Use the file extension `qs2` to distinguish it from the original `qs` package. It is not compatible with the original `qs` format.


## Installation

```{r eval=FALSE}
install.packages("qs2")
```

On x64 Mac or Linux (x86 only), you can gain a little more performance with the following configure flag:

```{r eval=FALSE}
remotes::install_cran("qs2", type = "source", configure.args = "--with-simd=AVX2")
```

Multi-threading in `qs2` uses the `Intel Thread Building Blocks` framework via the `RcppParallel` package.


## Converting qs2 to RDS

Because the `qs2` format directly uses R serialization, you can convert it to RDS and vice versa.

```{r eval=FALSE}
file_qs2 <- tempfile(fileext = ".qs2")
file_rds <- tempfile(fileext = ".RDS")
x <- runif(1e6)

# save `x` with qs_save
qs_save(x, file_qs2)

# convert the file to RDS
qs_to_rds(input_file = file_qs2, output_file = file_rds)

# read `x` back in with `readRDS`
xrds <- readRDS(file_rds)
stopifnot(identical(x, xrds))
```

## Validating file integrity

The `qs2` format saves an internal checksum. This can be used to test for file corruption before deserialization via the `validate_checksum` parameter, but has a minor performance penalty.

```{r eval=FALSE}
qs_save(data, "myfile.qs2")
data <- qs_read("myfile.qs2", validate_checksum = TRUE)
```

# Bindings to ZSTD compression library

The package exposes the ZSTD compression library for both in memory data and
file workflows.

## In memory compression and decompression

Use these functions when you already have raw vectors in memory and want
direct control of compression.

```{r eval=FALSE}
x <- serialize(mtcars, connection = NULL)
xz <- zstd_compress_raw(x, compress_level = 3)
x2 <- zstd_decompress_raw(xz)
stopifnot(identical(x, x2))
```

## File compression

These functions mirror typical file compression tools and keep the workflow
simple when you want explicit input and output files.

```{r eval=FALSE}
infile <- tempfile()
writeBin(as.raw(1:5), infile)
zfile <- tempfile(fileext = ".zst")
zstd_compress_file(infile, zfile, compress_level = 1)
outfile <- tempfile()
zstd_decompress_file(zfile, outfile)
stopifnot(identical(readBin(infile, "raw", 5), readBin(outfile, "raw", 5)))
```

## zstd_in and zstd_out

These generic wrappers substitute a zstd compressed file for a normal file
path, so you can add zstd compression support to existing functions for reading and writing data.

```{r eval=FALSE}
# library(data.table)
save_file <- tempfile(fileext = ".csv.zst")

# write out zstd compressed table
zstd_out(data.table::fwrite, mtcars, file = save_file)

# read in zstd compressed table
dt <- zstd_in(data.table::fread, file = save_file)
```

# The qdata format

The package also introduces the `qdata` format which has its own serialization layout and works with only data types (vectors, lists, data frames, matrices). 

It will replace internal types (functions, promises, external pointers, environments, objects) with NULL. The `qdata` format differs from 
the `qs2` format in that it is *not* general, but is more performant.

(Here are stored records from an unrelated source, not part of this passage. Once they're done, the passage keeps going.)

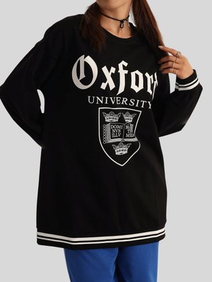 ADYES Siyah Bisiklet Yaka Önü Yazı Baskılı İki İplik Sweat
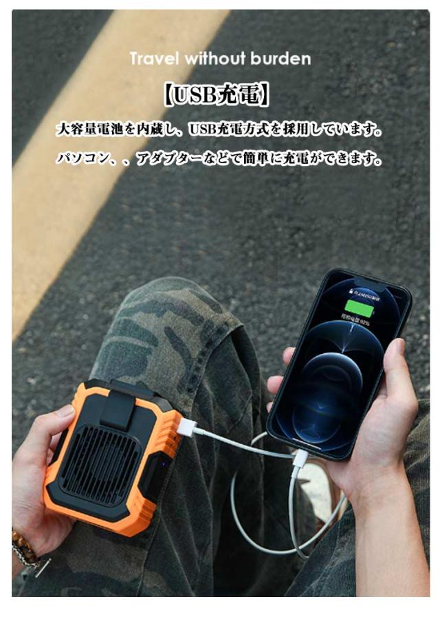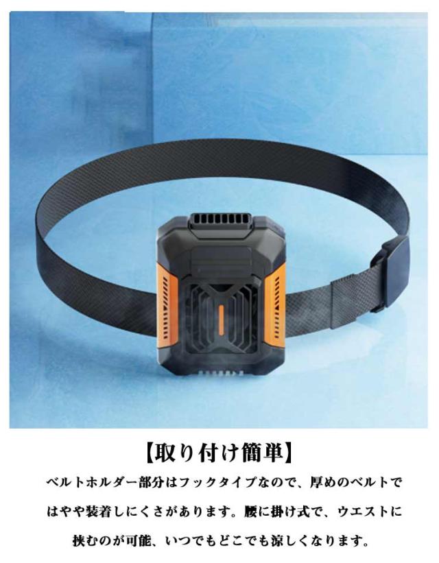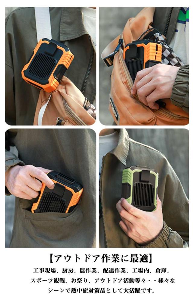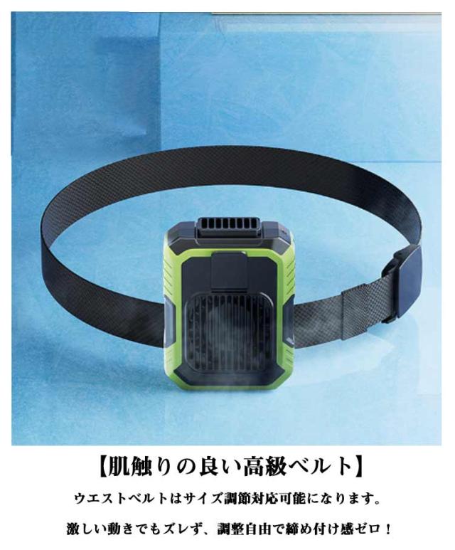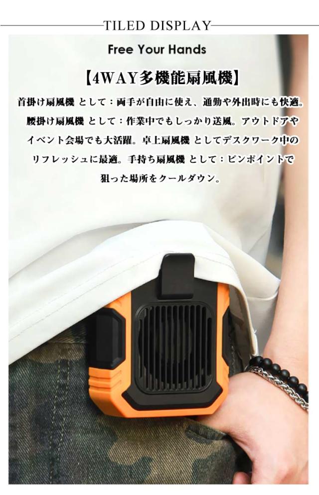 | 【4WAY多機能扇風機】首掛け扇風機 として:両手が自由に使え、通勤や外出時にも快適。腰掛け扇風機 として:作業中でもしっかり送風。アウトドアやイベント会場でも大活躍。卓上扇風機 としてデスクワーク中のリフレッシュに最適。手持ち扇風機 として:ピンポイントで狙った場所をクールダウン。 【3段階風量調整】自然に近い弱風から強風まで3段階の風量調節が可能で、気温に合わせて自由に調節できます。 【懐中電灯機能】LED照明用ランプが付いてあり暗い場所での作業、緊急時などの照明になります。外出先、キャンペン場でスマホを充電可能で、一台で懐中電灯、、扇風機の機能があり、もっと便利になります。 【肌触りの良い高級ベルト】ウエストベルトはサイズ調節対応可能になります。激しい動きでもズレず、調整自由で締め付け感ゼロ! 【取り付け簡単】ベルトホルダー部分はフックタイプなので、厚めのベルトではやや装着しにくさがあります。腰に掛け式で、ウエストに挟むのが可能、いつでもどこでも涼しくなります。 【USB充電】大容量電池を内蔵し、USB充電方式を採用しています。パソコン、、アダプターなどで簡単に充電ができます。 【アウトドア作業に最適】工事現場、厨房、農作業、配達作業、工場内、倉庫、スポーツ観戦、お祭り、アウトドア活動等々・・様々なシーンで熱中症対策品として大活躍です。 | |
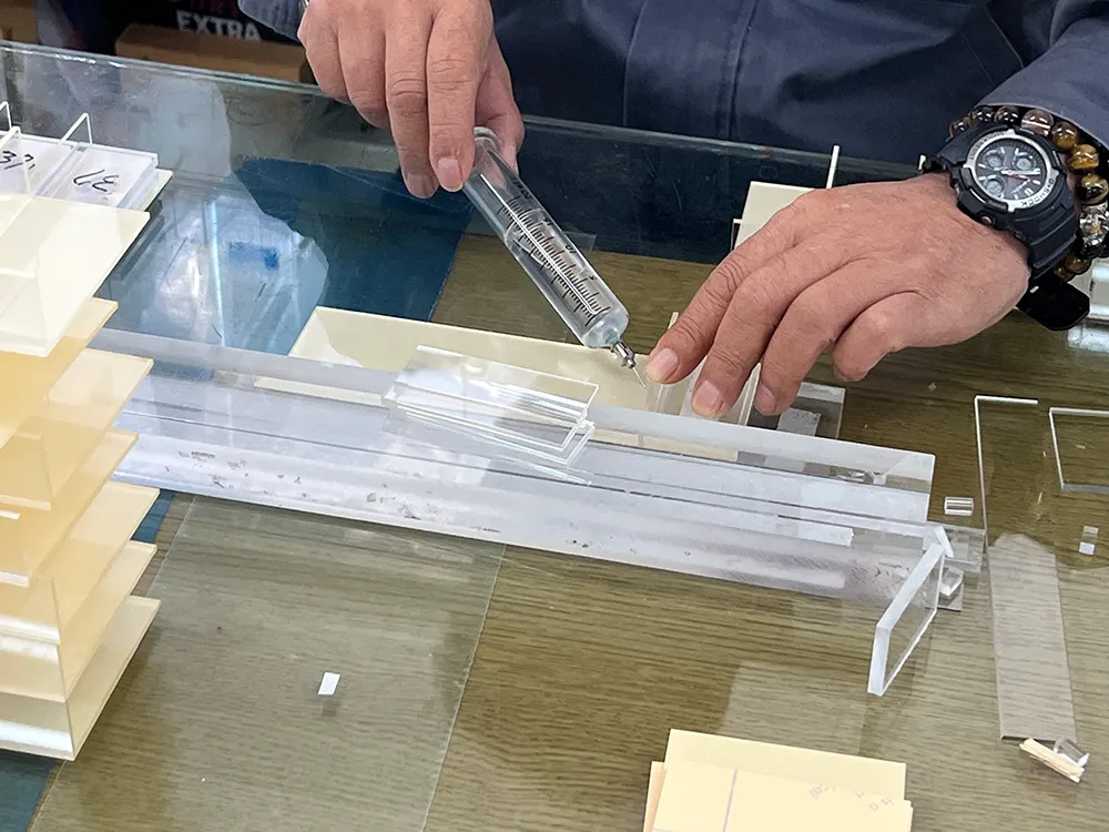 またガラスに比べて比重が軽いので、ケース、什器を製作する上で安全に展示が出来る事です。
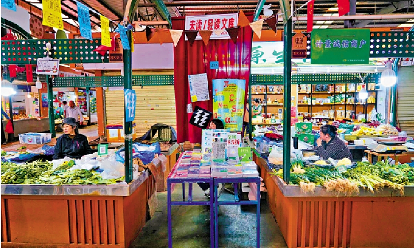 (大公報記者 譚旻煦)這個五一假期,雲南昆明直接把書店搬進菜市場。6000平方米的市集內,200餘個生鮮攤位與40餘家書店展位「混搭」陳列,市民遊客一手提着菜籃,一手捧着書卷,在煙火氣中解鎖「書菜市場」的文旅新體驗。
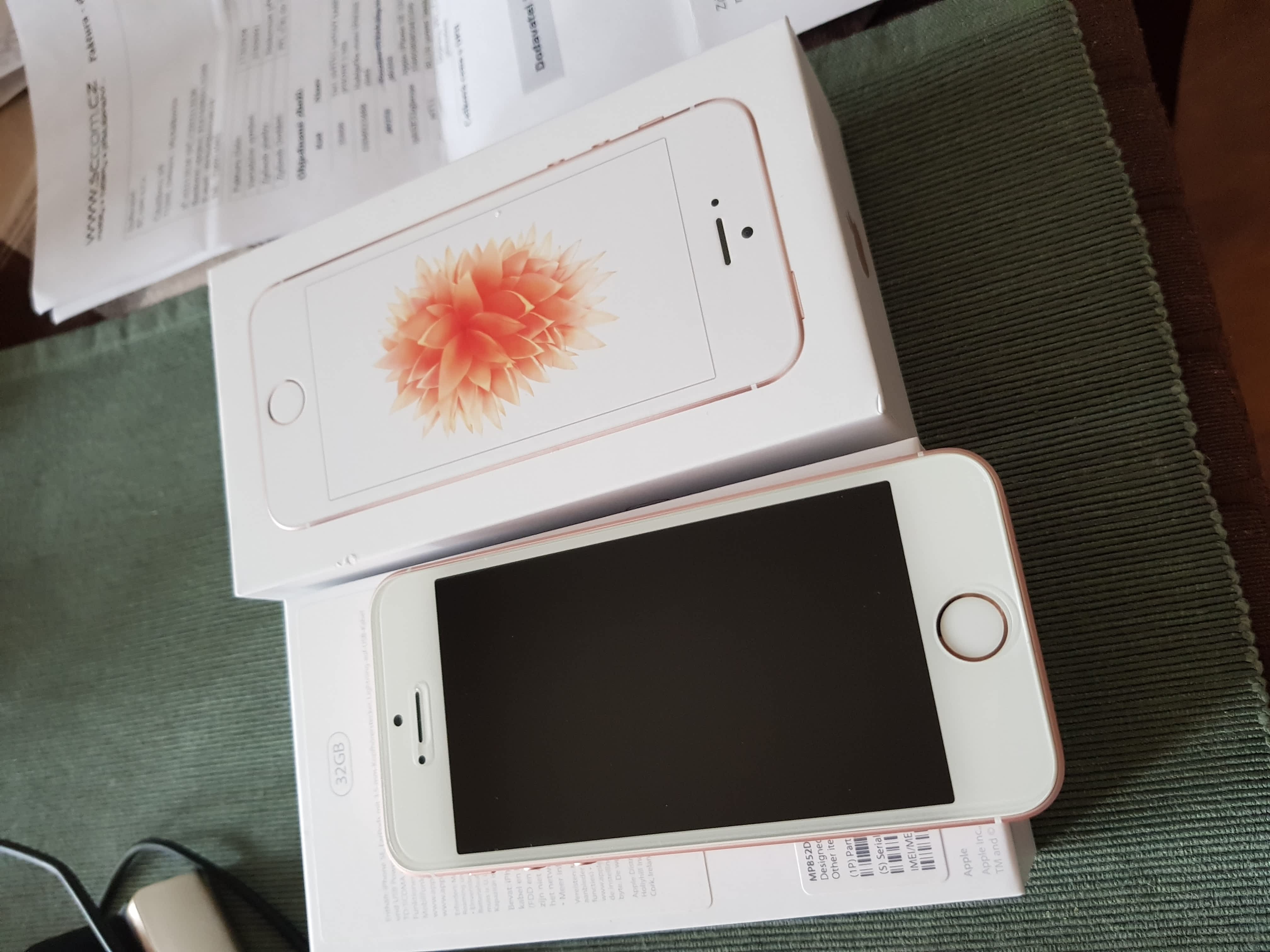 Prodám čtyři měsíce koupený a sporadicky užívaný iphone SE, 32 GB. Růžově zlatý. Stav jako nový!
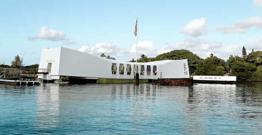 当日、快晴で風もなく真珠湾は大きな湖のように静かな海面であった。日本軍の奇襲攻撃によって沈没した戦艦アリゾナが沈没したその位置に「アリゾナ記念館」がある。1962年に建設された慰霊施設であり、アメリカ合衆国国立公園局により管理されている。記念館は真っ白な長方形の箱型で、長さは56メートル。記念館の内部は、エントランス、広間、慰霊所に分かれている。慰霊所にある大理石の壁には真珠湾攻撃で戦死した乗組員全員の名前が刻まれている。
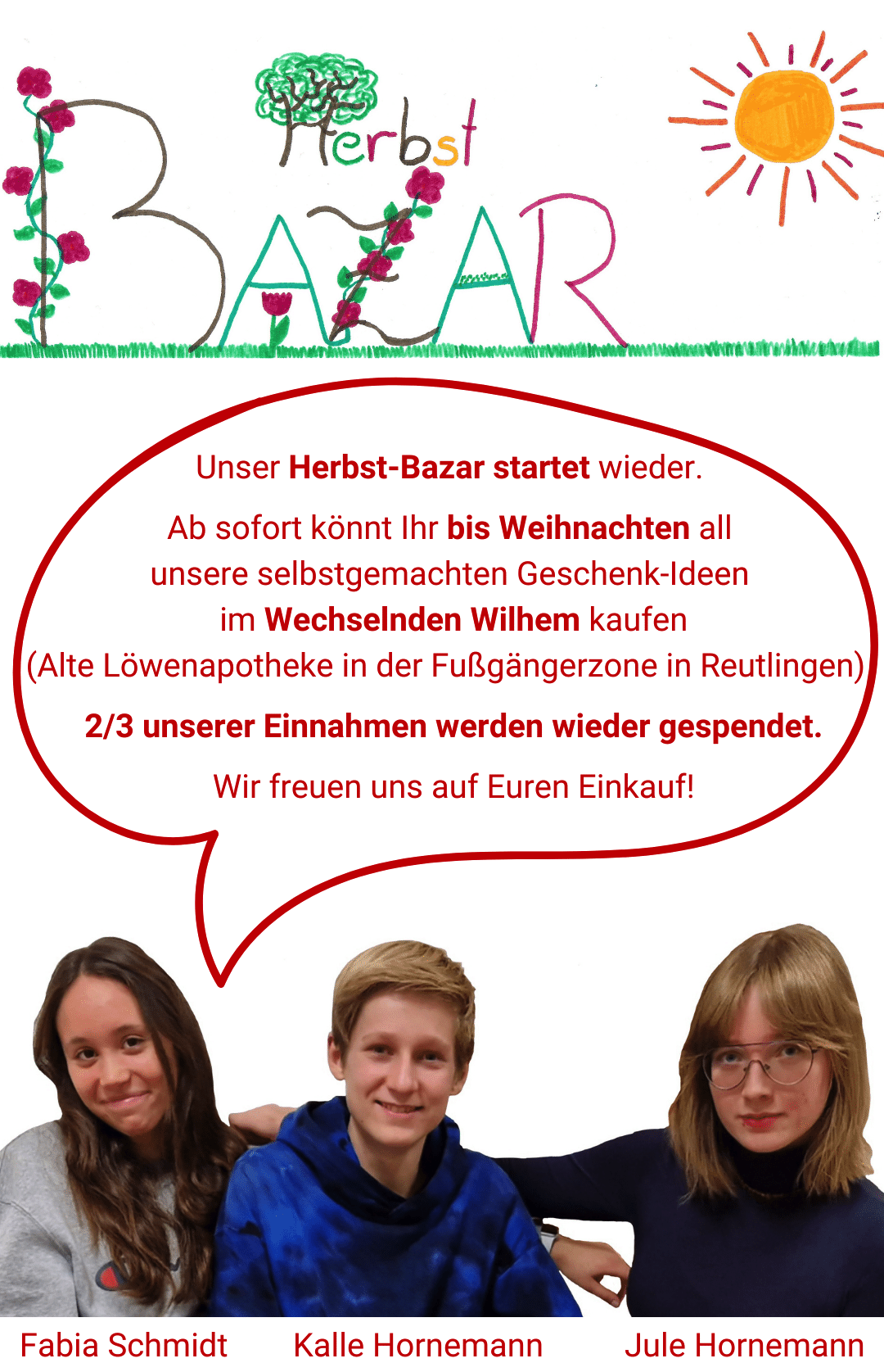 Drei Jugendliche, nämlich Jule, Kalle und Fabia setzen dieses Jahr ihre bereits mehrjährige Tradition mit einen Herbstbazar fort. Seit dem 22.11. haben sie eine kleine Ecke im "Wechselnden Wilhelm" (einem Pop-up Store in der Reutlinger Fußgängerzone, weitere Informationen dazu hier) wo selbstgebastelten Geschenkideen verkauft werden.

Please use `qdata` or `qd` as the file extension.

```{r eval=FALSE}
qd_save(data, "myfile.qdata")
data <- qd_read("myfile.qdata")
```

There is a `use_alt_rep` parameter that is intended to improve performance.

For the upcoming CRAN release, qdata does not use ALTREP but should be restored in the release after.

# Usage in C/C++

Serialization functions can be accessed in compiled code. Below is an example using Rcpp.

```{cpp eval=FALSE}
// [[Rcpp::depends(qs2)]]
#include <Rcpp.h>
#include "qs2_external.h"
using namespace Rcpp;

// [[Rcpp::export]]
SEXP test_qs_serialize(SEXP x) {
  SEXP buffer = qs_serialize(x, 10, true, 4);
  return qs_deserialize(buffer, false, 4);
}

// [[Rcpp::export]]
SEXP test_qd_serialize(SEXP x) {
  SEXP buffer = qd_serialize(x, 10, true, true, 4);
  return qd_deserialize(buffer, false, false, 4);
}

// [[Rcpp::export]]
SEXP test_qs_save(SEXP x, const std::string& path) {
  qs_save(x, path, 10, true, 4);
  return qs_read(path, false, 4);
}

// [[Rcpp::export]]
SEXP test_qd_save(SEXP x, const std::string& path) {
  qd_save(x, path, 10, true, true, 4);
  return qd_read(path, false, false, 4);
}

/*** R
x <- runif(1e7)
stopifnot(identical(test_qs_serialize(x), x))
stopifnot(identical(test_qd_serialize(x), x))
stopifnot(identical(test_qs_save(x, tempfile(fileext = ".qs2")), x))
stopifnot(identical(test_qd_save(x, tempfile(fileext = ".qd")), x))
*/
```

## qdata-cpp external wrappers

You can serialize and de-serialize qdata format outside the R API. Functions for doing so are exported in `qdata_cpp_external.h`. 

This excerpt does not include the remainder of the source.